Published: 12:17, 06 December 2018
| Updated: 12:31, 06 December 2018
Imagine missing a loved one's final moments because you can't find a parking space.
For Lauraine Griffiths, the tragic scenario is a reality, and she doesn't think she's the only one.
Sharing her story, Miss Griffiths said: "At the very end I know she would've been frightened and I wasn't there, I couldn't get to her."
Phyl Griffiths had been in Tunbridge Wells Hospital, Pembury, when her daughter received a call from her consultant to say she had suffered a suspected heart attack and was in distress.
The 56-year-old said: "I knew absolutely that she would want me there because if I could've been by her side 24/7 in her last years that's what she would've had.
"At that time I lived on Powder Mill Lane, less than a mile from the hospital, the traffic was absolutely appalling, I just couldn't get to the hospital to start with.
"When I got there my heart was in my mouth, because I knew in my heart she was going and I was driving around, there was absolutely nowhere to park."
Miss Griffiths says she spent between 15 and 20 minutes searching for a parking space.
She continued: "With the benefit of hindsight I should have just abandoned the car somewhere, but you don't like do that at the hospital because you never know who or what you might be in the way of.
"I would've gone in a disabled space, even though I'm not disabled, but there wasn't even one of those free. If there had been a spare staff space I would've gone there, but there wasn't.
"Eventually I managed to park but I can't remember which area of the hospital it was, I raced to the ward, but by the time I'd got there she'd gone.
"I was so upset. We'd been together through so much."
The 512-bed Tunbridge Wells Hospital opened in 2011 at a cost of £220million.
It offers 447 spaces for visitors and 818 for its staff, of which there around 2000.
Miss Griffiths branded parking at the hospital in Tonbridge Road as "shameful."
She said: "I'd been to the hospital a number of times with mum and it was always difficult.

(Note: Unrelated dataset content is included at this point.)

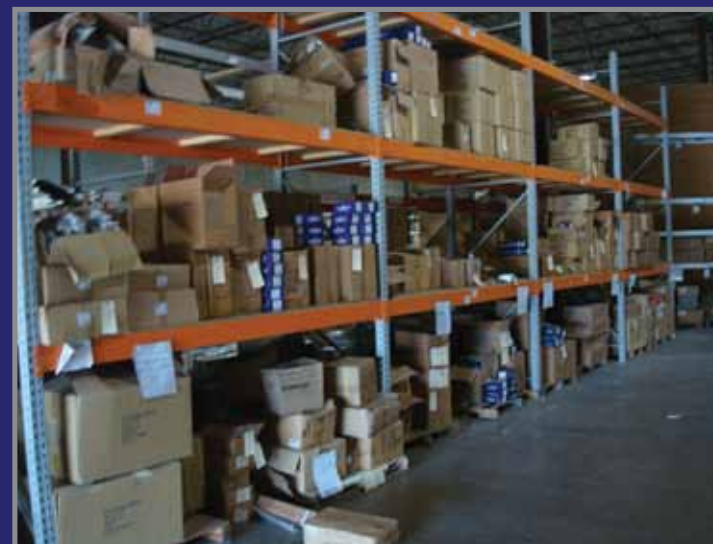
THOUSANDS OF DOOR LOCKS

PREVIEW INSPECTION: Tuesday, May 4 th from 9:00 AM - 5:00 PM Local Time

"Nobody else should be in this position, they were short sighted when the built the place and they need to do something about, because I'm sure I'm not the only one."
Seven months on from her her mother's death Miss Griffiths says she has had no contact from the hospital's trust.
Maidstone and Tunbridge Wells NHS Trust has, however, provided a statement to the press.
It reads: "We are extremely sorry that the family was not able to be with the patient at a very sad and difficult time.
"While no words can adequately address their loss, our heartfelt and deepest sympathies are extended to the family and we very much wish the circumstances could have been different."
The trust said it is putting together plans on expanding one of its car parks, but the number of proposed new spaces is currently unknown.
Phyl Griffiths was described as the "life and soul of the party" by her daughter.
She had a life membership at Tunbridge Wells Operatic and Drama Society and sat on its board of directors, as well as treading the boards.
Miss Griffiths said: "She was my world.
"She retired at the age of 72 and became ill from then on with various things but prior to that she ran two businesses.
"She was lively and vibrant and so beautiful.
"We were lucky to have each other and i have some fantastic memories of her she was a very special lady."